# Chicago furmeets?



## jazzcat (Feb 17, 2009)

I'm sure there are some, but could someone tell me when and where? I'd really like to meet some furries outside of the internet as there are no cons that I would be able to attend anytime real soon.


----------



## Lyxen (Feb 18, 2009)

hey the LAFF mailing list is for furries and they go to coffee meets in schuamburg every tuesday.


----------



## jazzcat (Feb 18, 2009)

Lyxen said:


> hey the LAFF mailing list is for furries and they go to coffee meets in schuamburg every tuesday.


 
Thanks I'll go check that out!


----------



## SamiiTiger (Feb 19, 2009)

We also have bowling and dinner meets on the 3rd Saturday of the month in Downer's Grove.
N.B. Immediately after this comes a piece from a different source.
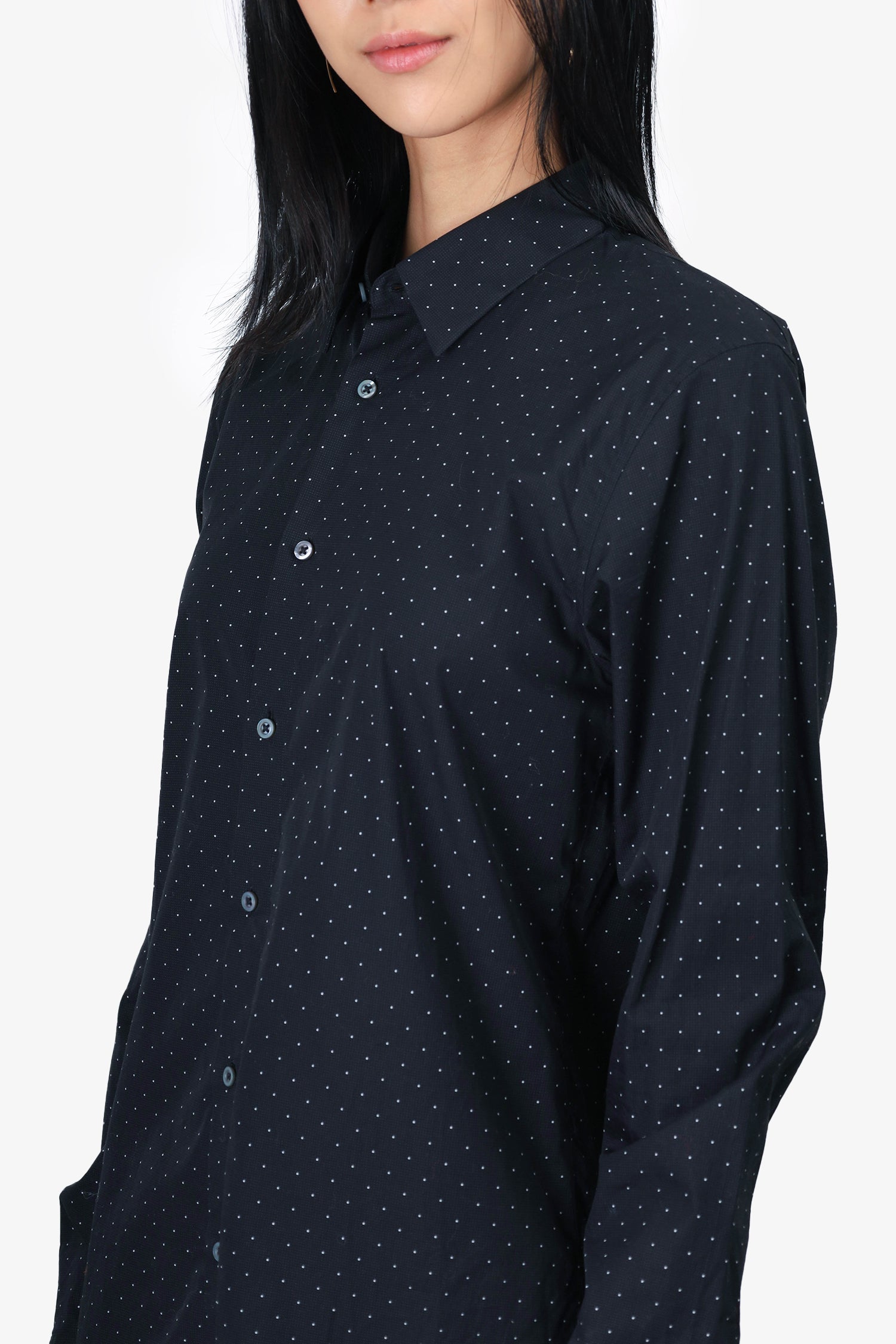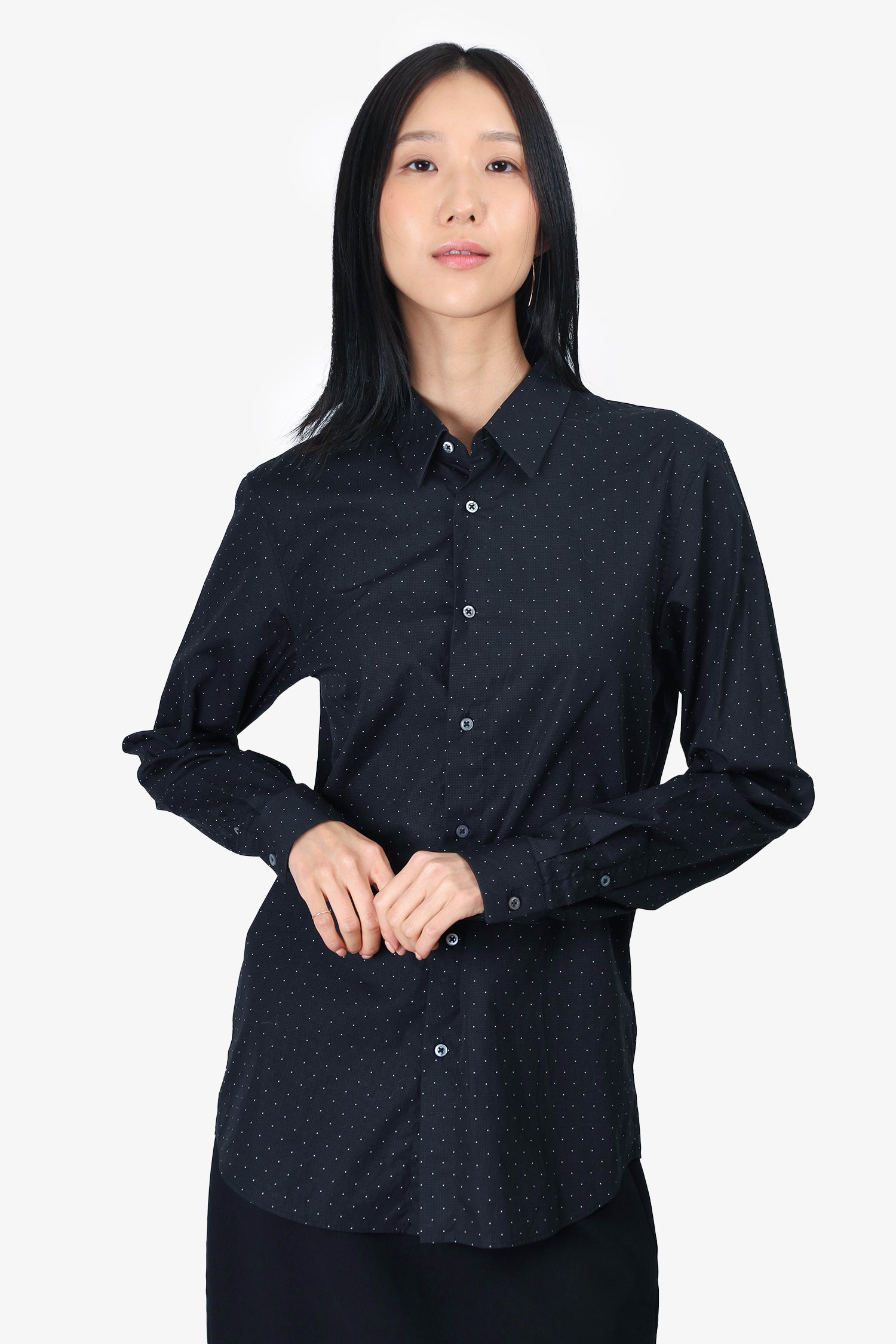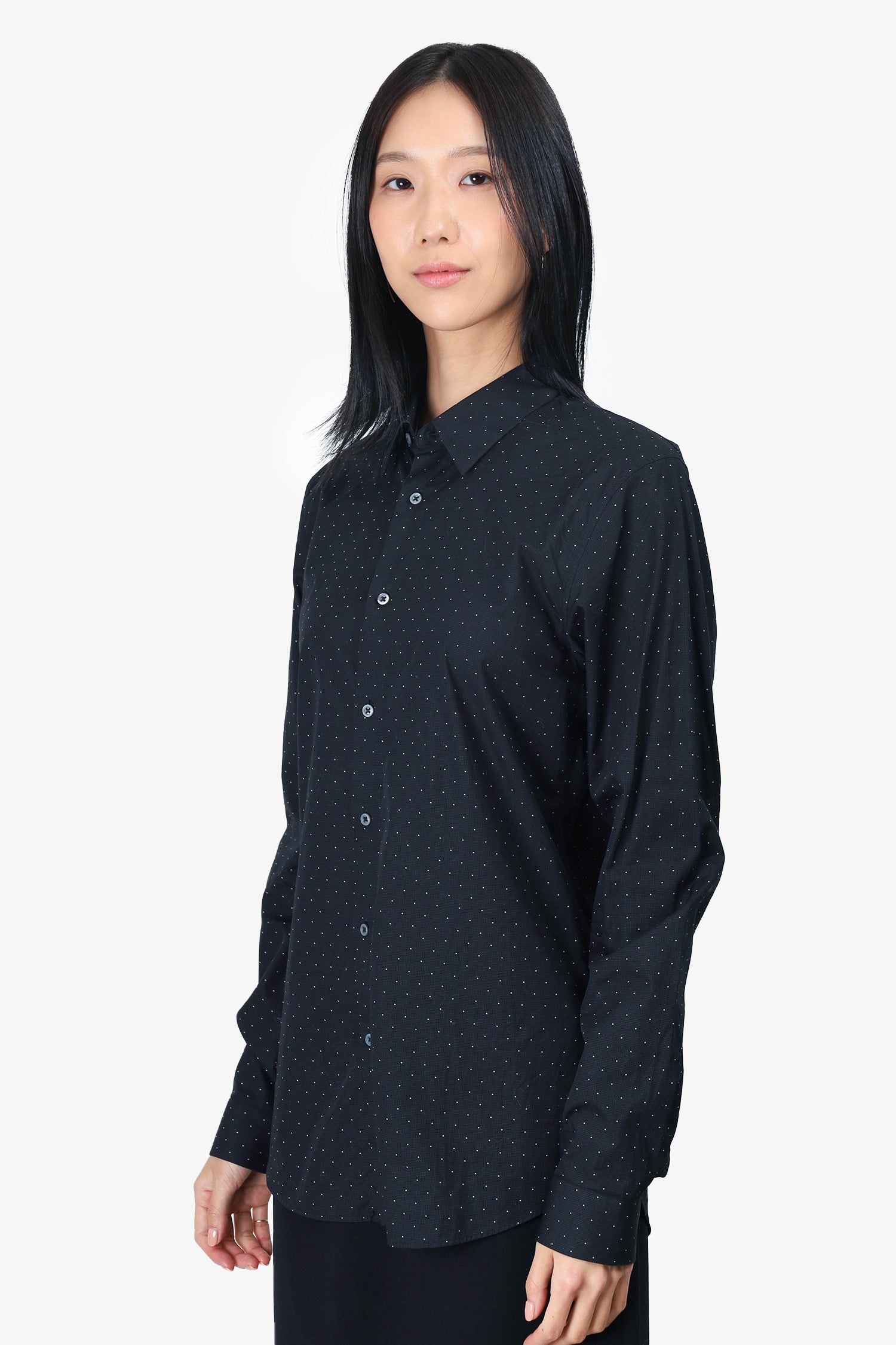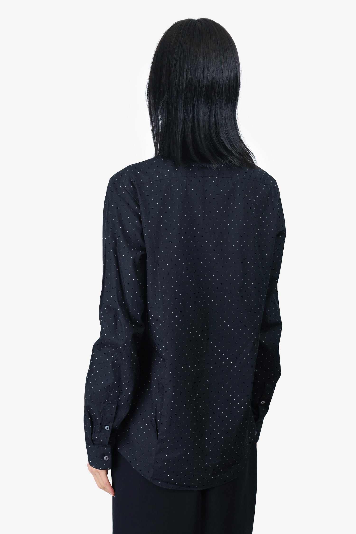 Refresh availabilityJil Sander Black/White Polka Dot Shirt. Collared neckline. Front and cuff button-up closure. Curved hem. Tonal stitching. Unlined.

Dinner's at Buona Beef on Rt. 56, then Bowling's at the Tivoli in downtown Downer's Grove.


----------



## Bayard Zylos (Feb 19, 2009)

I live in downtown Chicago, but still haven't really met any furs in real life. Then again, my tight college schedule keeps me pretty much in only one area, so my traveling in Chicago is limited. But if you ever see a guy strolling around Grant Park wearing a white fox tail, come over and say hi. ^^


----------



## SomyWulf (Feb 19, 2009)

Lyxen said:


> hey the LAFF mailing list is for furries and they go to coffee meets in schuamburg every tuesday.



I wish i could go but considering the fact i live 1000 miles away kinda sucks even though i do have family that lives in that town.


----------



## jazzcat (Feb 19, 2009)

As my college schedual is also very tight, I'll really try to make it to one of those meets. Thanks for the info!


----------



## rolandmaxum_haystack (Feb 22, 2009)

well i live in south east chicago and have a tough time getting all the way up north for the tuesday meets. anyone think they may want to start up a more south eastern meets? i wouldnt mind hosting them ^^


----------



## jazzcat (Feb 22, 2009)

rolandmaxum_haystack said:


> well i live in south east chicago and have a tough time getting all the way up north for the tuesday meets. anyone think they may want to start up a more south eastern meets? i wouldnt mind hosting them ^^


 
If you ever want to set something up that would be cool. when and where would also be good.


----------



## Lyxen (Feb 23, 2009)

yea chicago area fucking rawks fur furrs, id really like to attend a meet sometime


----------



## Tidus0203 (Jun 21, 2011)

I live in the south side of chicago as well, would like to meet and get to know other fur friends , could i get more information on those meet ups?


----------



## Ley (Jun 21, 2011)

Tidus0203 said:


> I live in the south side of chicago as well, would like to meet and get to know other fur friends , could i get more information on those meet ups?


 
Protip: There are dates of these threads. Anything after May 2011 would be considered a necro, which is not allowed on these forums.


----------



## M. LeRenard (Jun 21, 2011)

Thread from 2009.  Closing it.


----------